A confidence interval is a range of values used to estimate a population parameter. It provides a range within which we believe the true population parameter lies, with a certain level of confidence. The formula to calculate the confidence interval is: \[ \bar{x} \pm t_{\alpha/2, n-1}\frac{s}{\sqrt{n}} \]. In our example, using \(n-1 = 22\) degrees of freedom and a 99% confidence level, our t-value is approximately 2.819 Substituting our given values into the formula, we get the confidence interval as: \[ 104.8 \pm 2.819 \cdot \frac{9.2}{\sqrt{23}} = 104.8 \pm 5.39 \]. So, the confidence interval is approximately\([99.41, 110.19]\). Since 100 lies within this interval, we do not reject the null hypothesis.

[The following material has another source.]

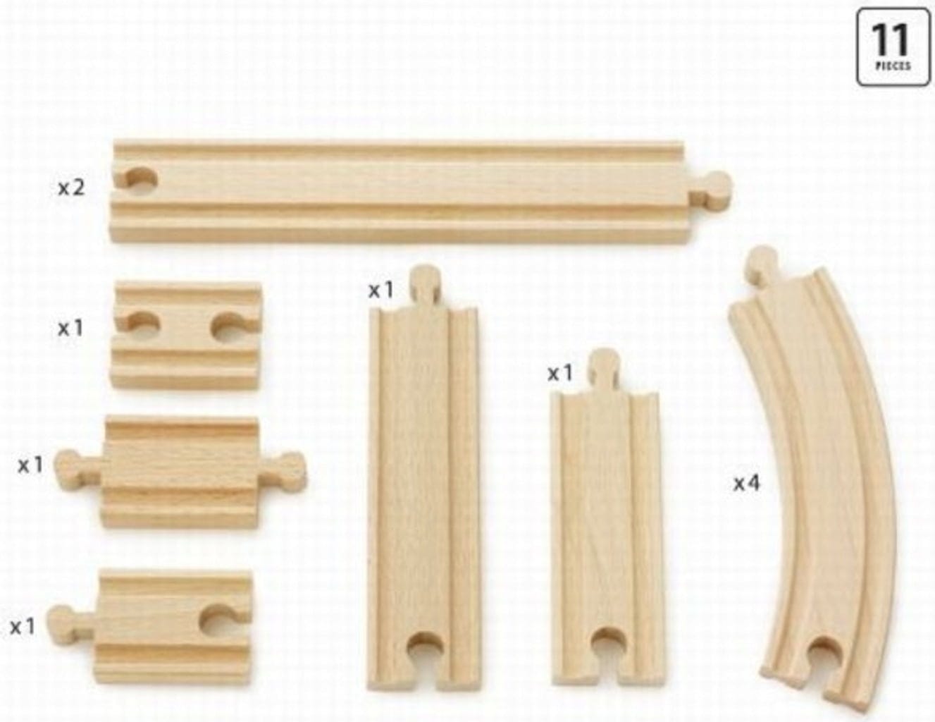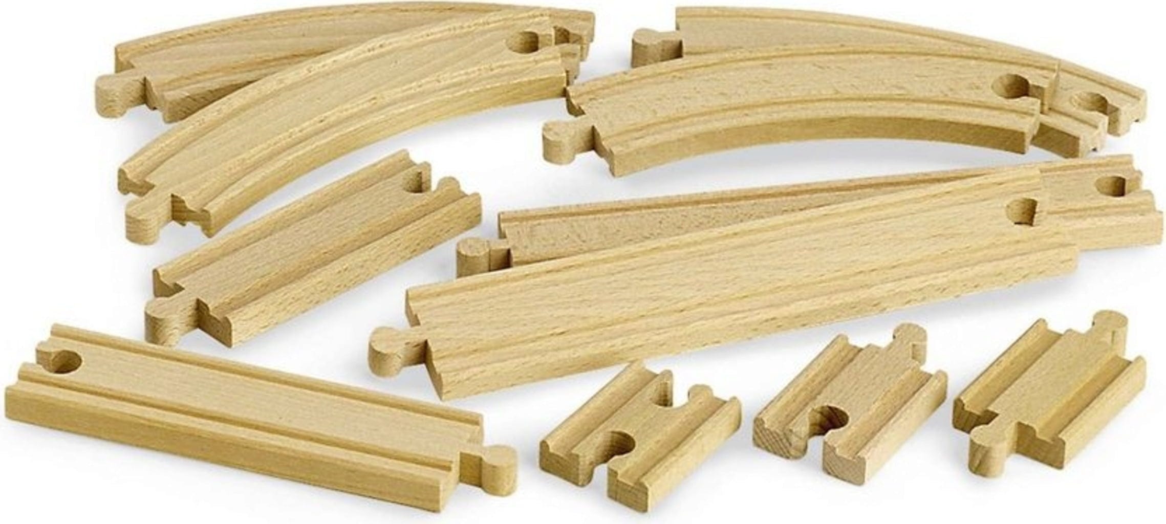 Un total de 11 éléments de rail offre de nombreuses nouvelles possibilités pour étendre le réseau ferroviaire BRIO dans la chambre d'enfant. Les pièces en bois de hêtre de haute qualité s'assemblent parfaitement.

Critical values are the boundaries that separate the acceptance region from the rejection region in hypothesis testing. These values depend on the significance level and the degrees of freedom of the test. For our problem, we chose a significance level of \(\alpha = 0.01\) and have \(n-1\) degrees of freedom, which gives us a critical value of approximately \( \pm2.819 \) using the t-distribution table. We calculate these values to figure out where to draw the line in our t-distribution curve for making decisions about rejecting or not rejecting the null hypothesis.

The level of significance, denoted as \(\alpha \), represents the probability of rejecting the null hypothesis when it is actually true. It is also known as the Type I error rate. In hypothesis testing, we often choose a level of significance – 0.01, 0.05, or 0.10 being common choices. In this exercise, we have chosen a level of significance of 0.01. This means that there is a 1% risk of concluding that the population mean is not 100 when it actually is. Lower levels of significance imply more stringent criteria for rejecting the null hypothesis, leading to lower chances of Type I errors, but higher chances of Type II errors (not rejecting a false null hypothesis).